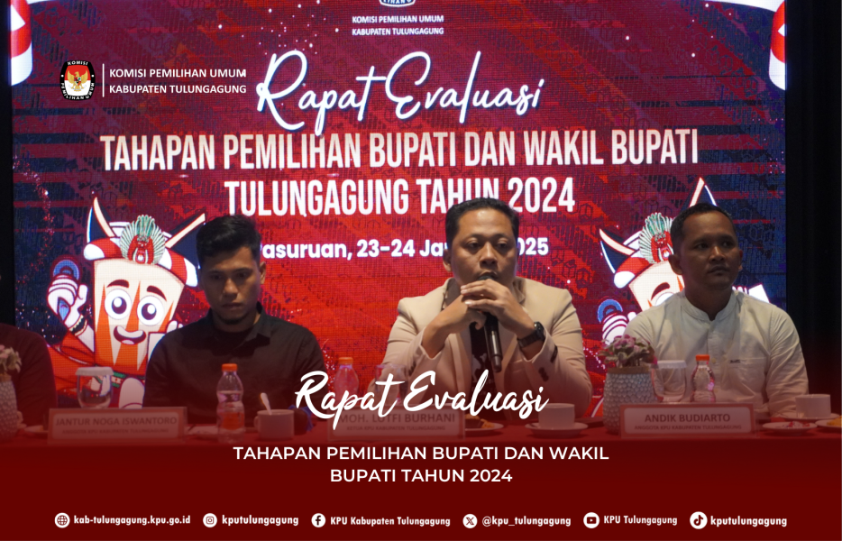 Pasuruan, (https://kab-tulungagung.kpu.go.id/) 24 Januari 2025 – Komisi Pemilihan Umum (KPU) Tulungagung mengadakan rapat evaluasi tahapan Pemilihan Bupati dan Wakil Bupati Tulungagung 2024. Acara yang berlangsung pada tanggal 23-24 Januari 2025 di Pasuruan ini dihadiri oleh PPK, jajaran KPU Tulungagung, dan perwakilan dari Bankesbangpol.
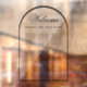 A simple transparent seating chart inside a modern arch frame. The text and the frame are black. The Welcome is written in an elegant script.
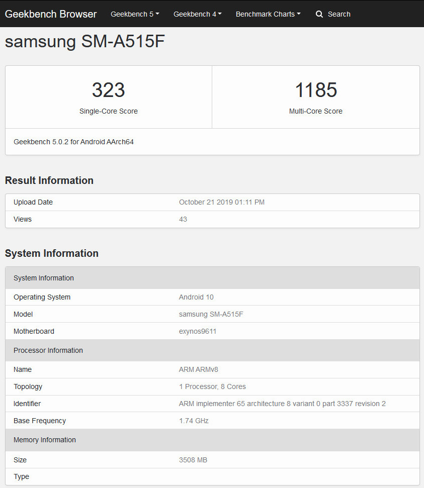 In einigen Gerüchten und Spekulationen wurde bislang davon ausgegangen, dass das Samsung Galaxy A51 möglicherweise den Next-Gen Exynos 9630 erhalten wird. Im Bericht von Galaxyclub.nl heißt es, dass die Midranger Galaxy A51 und Galaxy A71 von Samsung angeblich den neuen und effizienteren Exynos-SoC erhalten sollen. Gemäß Geekbench hat das SM-A515F 4 GB Arbeitsspeicher an Bord. Als Mobile-OS läuft Googles Android 10.
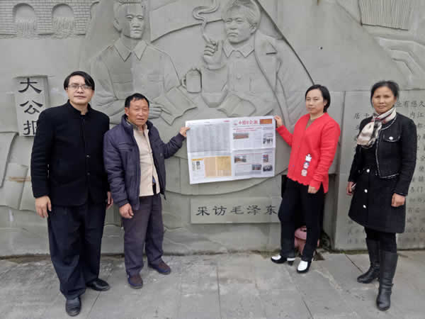 图三:唐良闻、陈辉与内江村民苏全芳、毛主席红卫兵黄富才手持《中国日记报》在毛主席与范长江雕像前合影
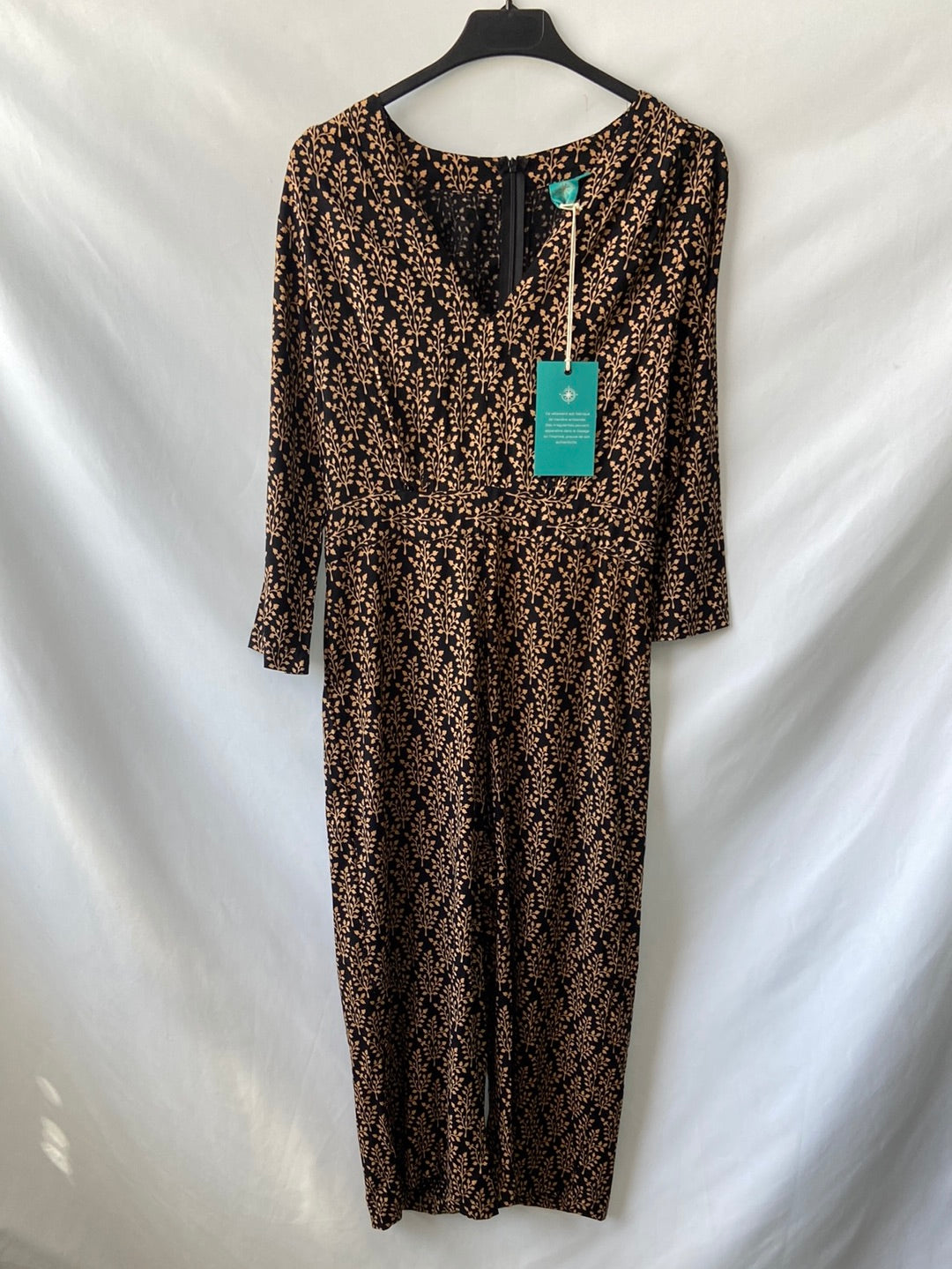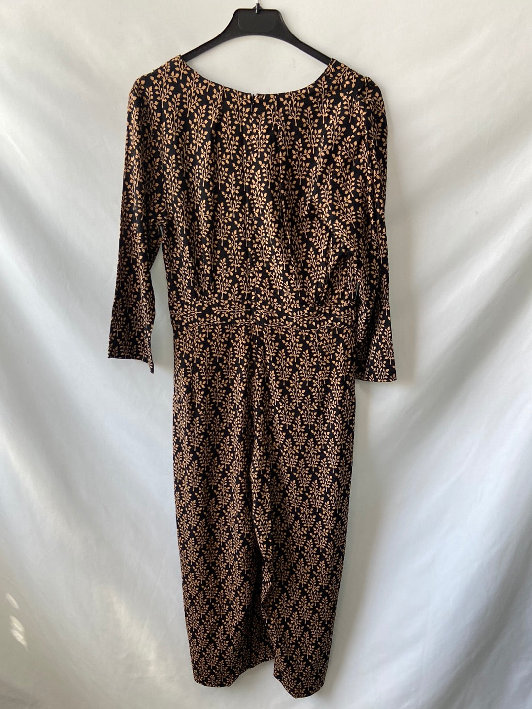 NUEVO CON ETIQUETA. Mono negro estilo cullote con flores en beige. No elástico. De sisa a sisa 42 cm largo 123 cm
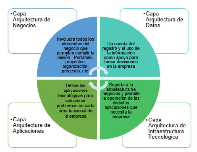 La AE empresarial debe visualizarse como una metodología que se encuentra basada en una visión global de la empresa, la cual permite se pueda hacer una alineación de los procesos, datos, aplicaciones e infraestructura tecnológica con los objetivos corporativos. En la AE es fundamental que se logre identificar seis elementos esenciales: Estrategia, gobierno de TI, información, sistemas de información, servicios de tecnología, uso y apropiación (Mejía, 2013). La AE ayuda a que las empresas empleen las mejores prácticas, tomen decisiones consistentes en el presente y tenga en cuenta las consideraciones de las necesidades futuras percibidas del negocio (Wamema et al, 2023).
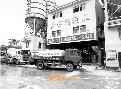 混凝土攪拌站出入口安裝了噴淋系統(tǒng)
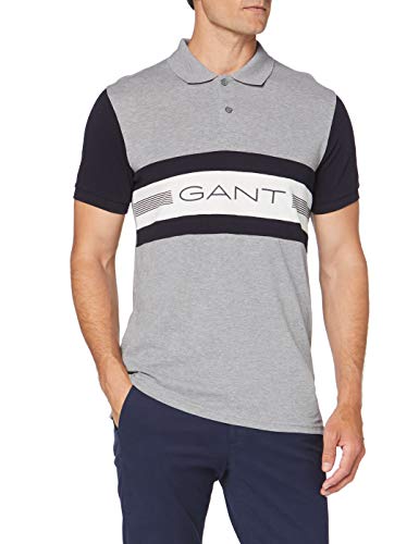 GANT D1. 13 STRIPES SS PIQUE RUGGER, Polo Uomo, Grigio ( GREY MELANGE ), S
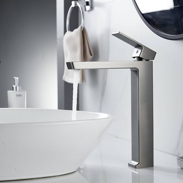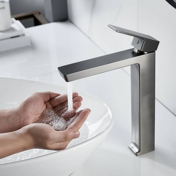 Смеситель для раковины высокий Rose R18T R1811T-1, оружейная сталь.Материал: латунь.Управление: рычажное.Стилистика дизайна: Современный стиль.Подводка: гибкая, 1/2" .
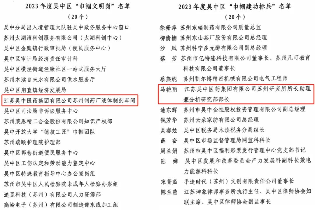 开云线上平台苏州制药厂液体制剂车间荣获2023年度吴中区“巾帼文明岗”称号,开云线上平台苏州研究所所长助理兼分析研究部部长马艳丽荣获2023年度吴中区“巾帼建功标兵”称号。
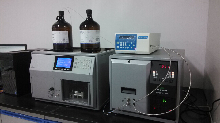 凝胶渗透色谱系统(GPC)由Malvern公司生产,型号为Viscoteck TDAmax,主要用于综合表征各种大分子(天然高分子、合成高分子和蛋白质)的相对分子量、绝对分子量和分子量分布。目前的色谱柱配置条件要求样品应溶于THF,为得到好的测试效果,样品测试前要尽量提纯。
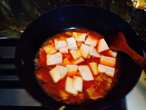 再待锅开,加入豆腐。个人喜欢把豆腐做成冻豆腐来煮泡菜汤。但在此为给大家展示传统做法,加入的是没有冻的豆腐。
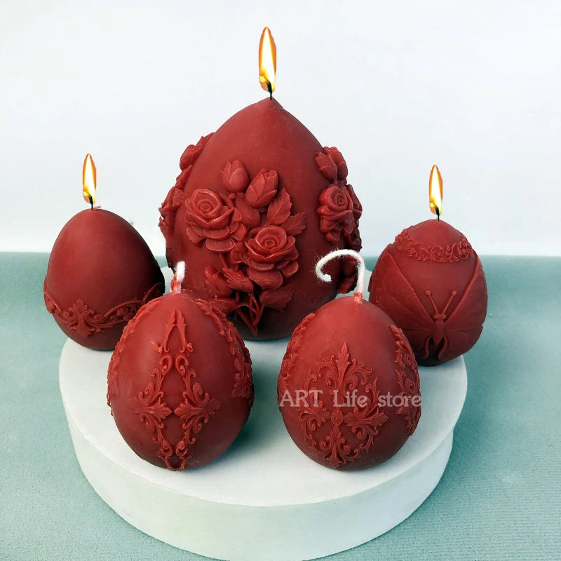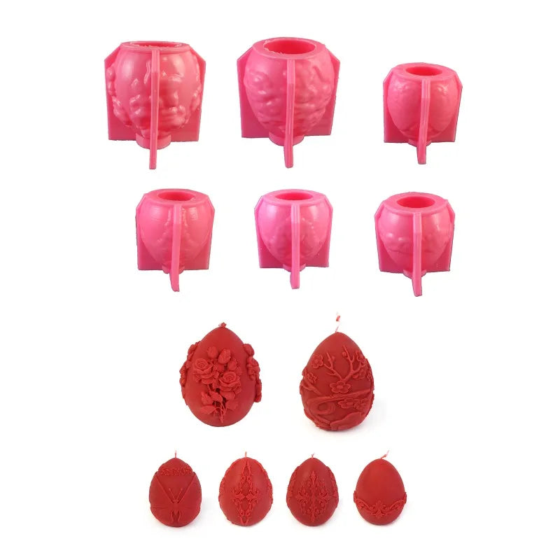 Easter Egg Silicone Candle Mold 3D Flower Relief Spherical Crafts Resin Plaster Cement Casting Molds Valentine's Day Gift Making
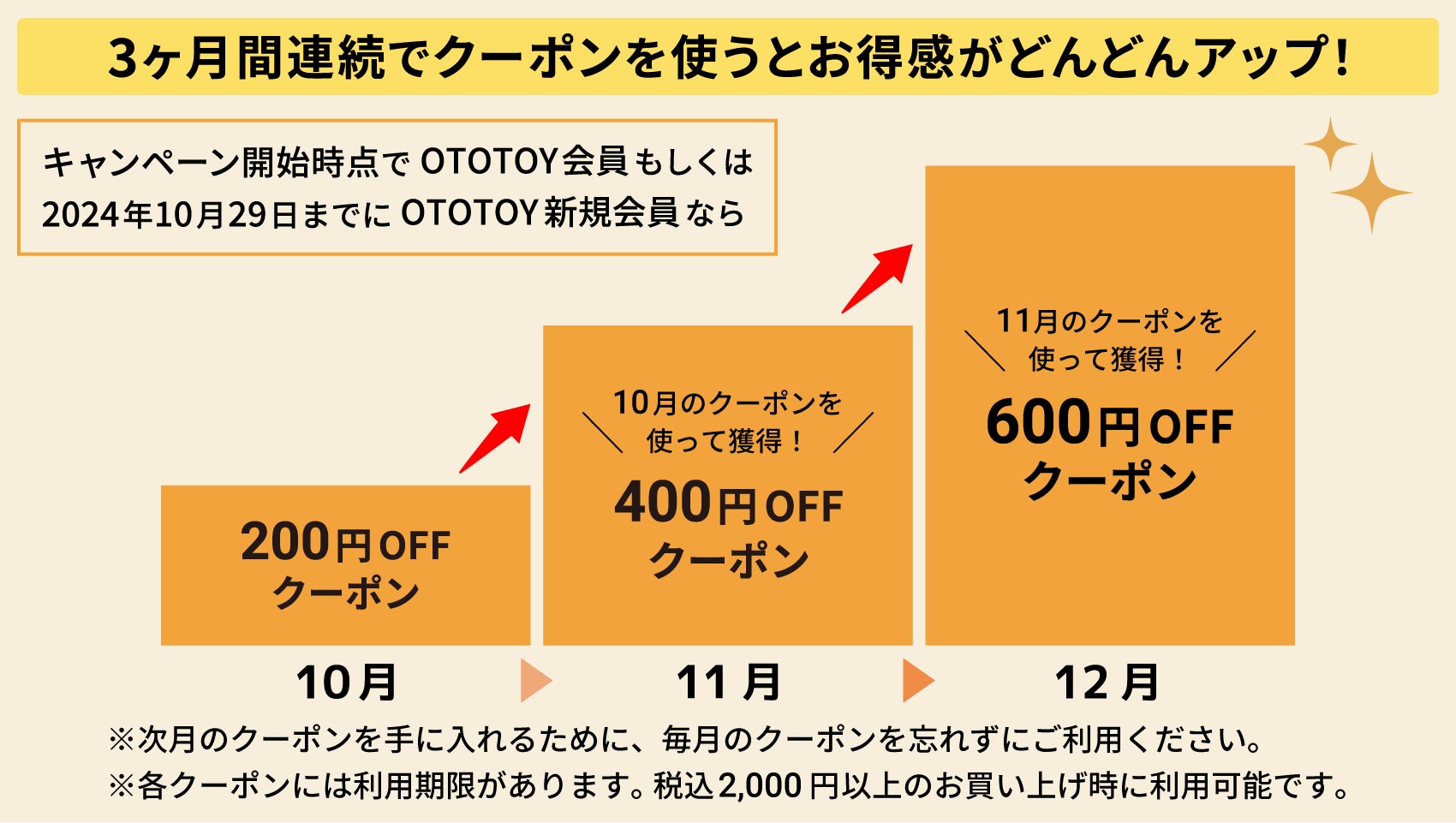 毎月のクーポン:当月のクーポンを利用すると、翌月のクーポンが受け取れます。クーポンは月末で期限切れとなります。未使用の場合、翌月のクーポンは配布されません。
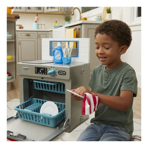 Kids can pretend to do the dishes just like their parents with the super realistic Little Tikes First Dishwasher. This sleek, modern, pretend play dishwasher is packed with interactive features: a working door, a sliding detergent drawer, removable dish racks and a drying mat. Plus, it includes realistic lights and sounds.
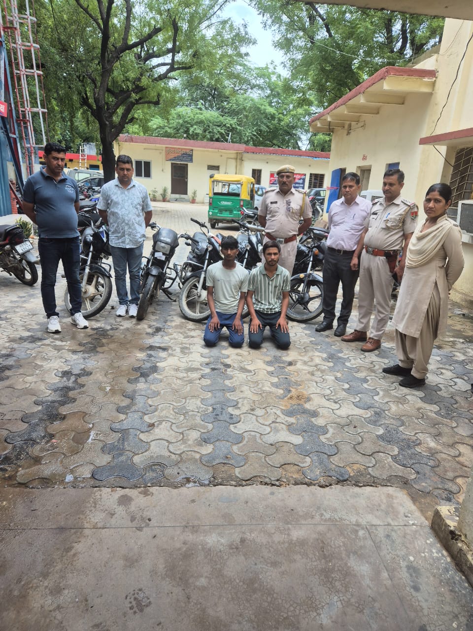 साहिद उर्फ जिलसाद उर्फ जिल्ली पुत्र सहीद मेव निवासी व इकलास पुत्र फकरू मेव निवासी पंचगावा थाना सदर तावडू नूंह मेवात को गिरफ्तार किया है। उनके कब्जे से चोरी की दो मोटरसाइकिल व अन्य प्रकरणों की मोटरसाइकिल सहित कुल पांच वाहन बरामद किये हैं।
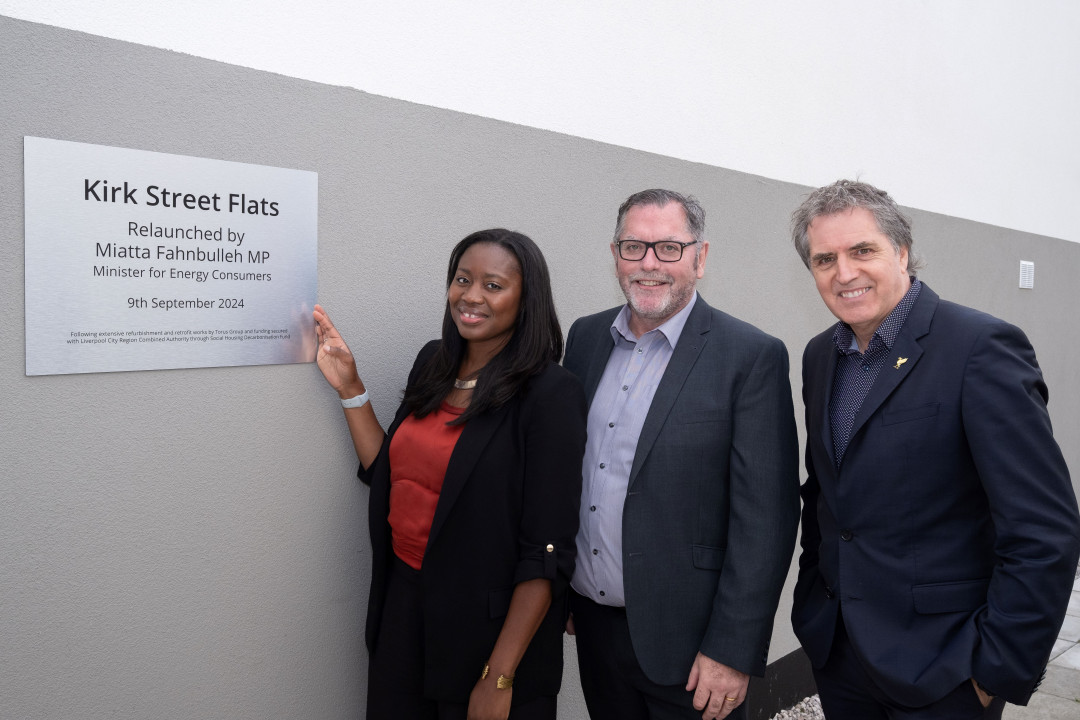 Torus Group was delighted to welcome Miatta Fahnbulleh MP, Minister for Energy Consumers and (Liverpool City Region) Metro Mayor Steve Rotheram and representatives from the Department for Energy Security and Net Zero and Liverpool City Region Combined recently to the Kirk Street flats in Everton to celebrate the completion of a significant £1.6 million investment retrofit and refurbishment project.
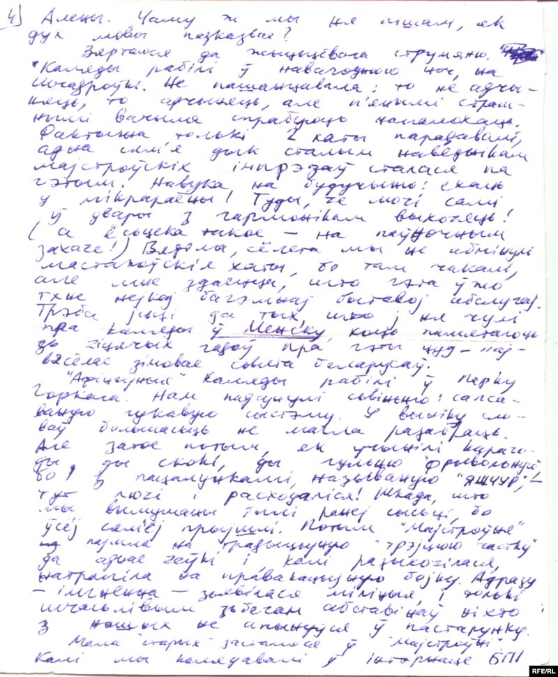 У Вінцука ліст на дзесяць аркушаў. І палова – гэта выпраўленьне моўных памылак, як трэба пісаць і скланяць. А астатняе -- ён апісвае тыя майстроўскія падзеі, якія адбываліся пасьля майго сыходу ў войска. І зь лістоў вынікае, што вельмі складана было праводзіць гэтую Майстроўню. Увогуле дзіўна, як яна там існавала, у Палацы прафсаюзаў, як яе не прыкрылі.
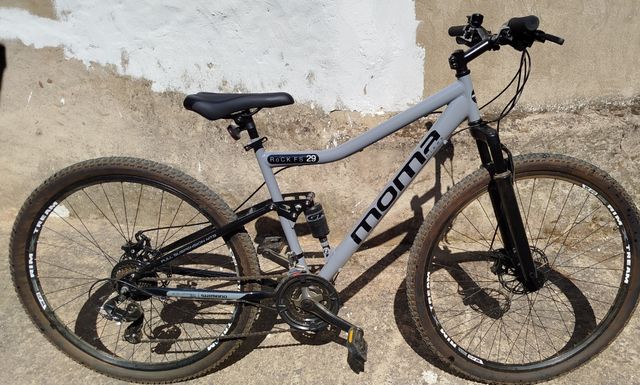 Detalles del productoBicicleta de montaña Moma 29 pulgadas, 15kg aprox con doble suspensión. Está en buen estado.
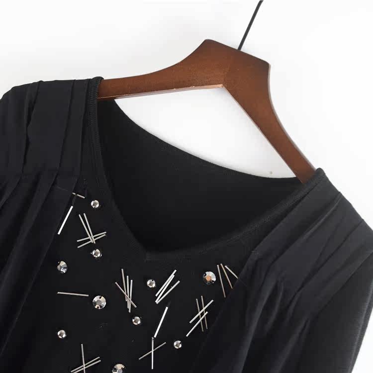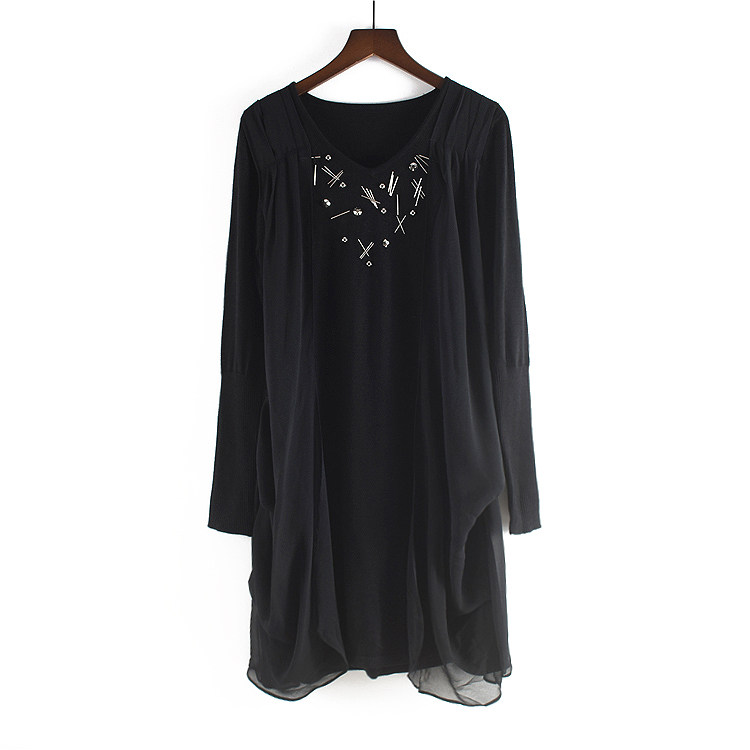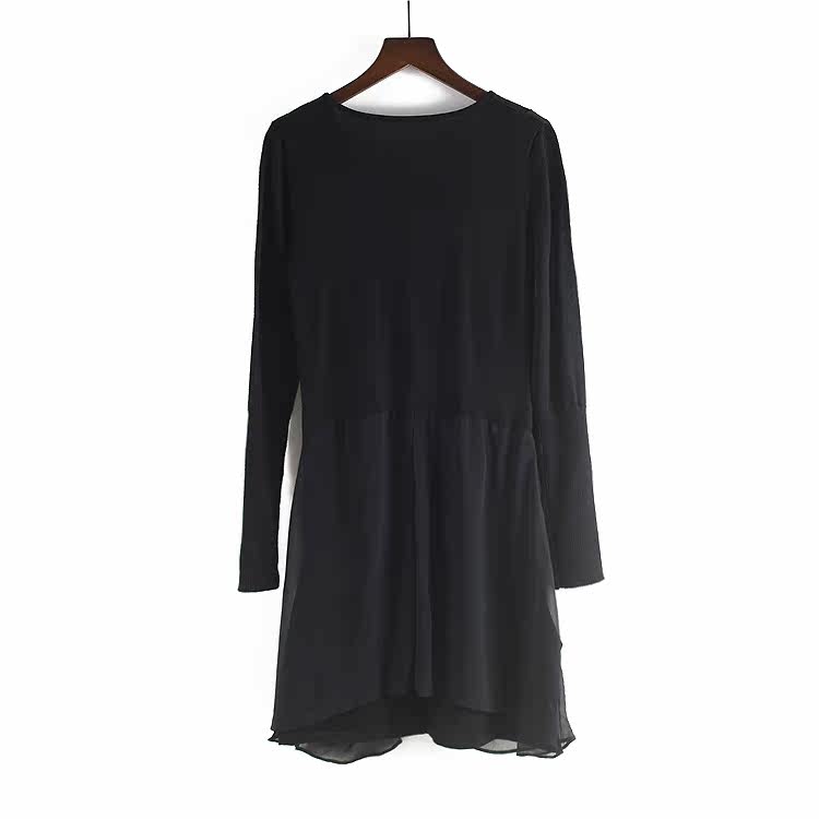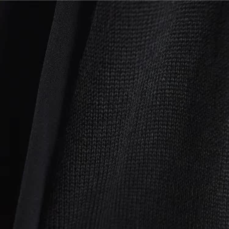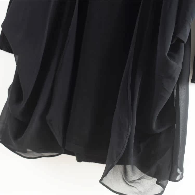 Шерстяной осенний длинный лонгслив, трикотажное платье, шифоновая черная юбка, в корейском стиле, средней длины
================================
• _Exercise_
Among the lines above, the one with "A simple transparent" opens the part to repeat and the one with "图三:唐良闻、陈辉与内江村民" closes it; repeat only that part exactly, with no pictures.

• _Worked solution_
 A simple transparent seating chart inside a modern arch frame. The text and the frame are black. The Welcome is written in an elegant script.
 In einigen Gerüchten und Spekulationen wurde bislang davon ausgegangen, dass das Samsung Galaxy A51 möglicherweise den Next-Gen Exynos 9630 erhalten wird. Im Bericht von Galaxyclub.nl heißt es, dass die Midranger Galaxy A51 und Galaxy A71 von Samsung angeblich den neuen und effizienteren Exynos-SoC erhalten sollen. Gemäß Geekbench hat das SM-A515F 4 GB Arbeitsspeicher an Bord. Als Mobile-OS läuft Googles Android 10.
 图三:唐良闻、陈辉与内江村民苏全芳、毛主席红卫兵黄富才手持《中国日记报》在毛主席与范长江雕像前合影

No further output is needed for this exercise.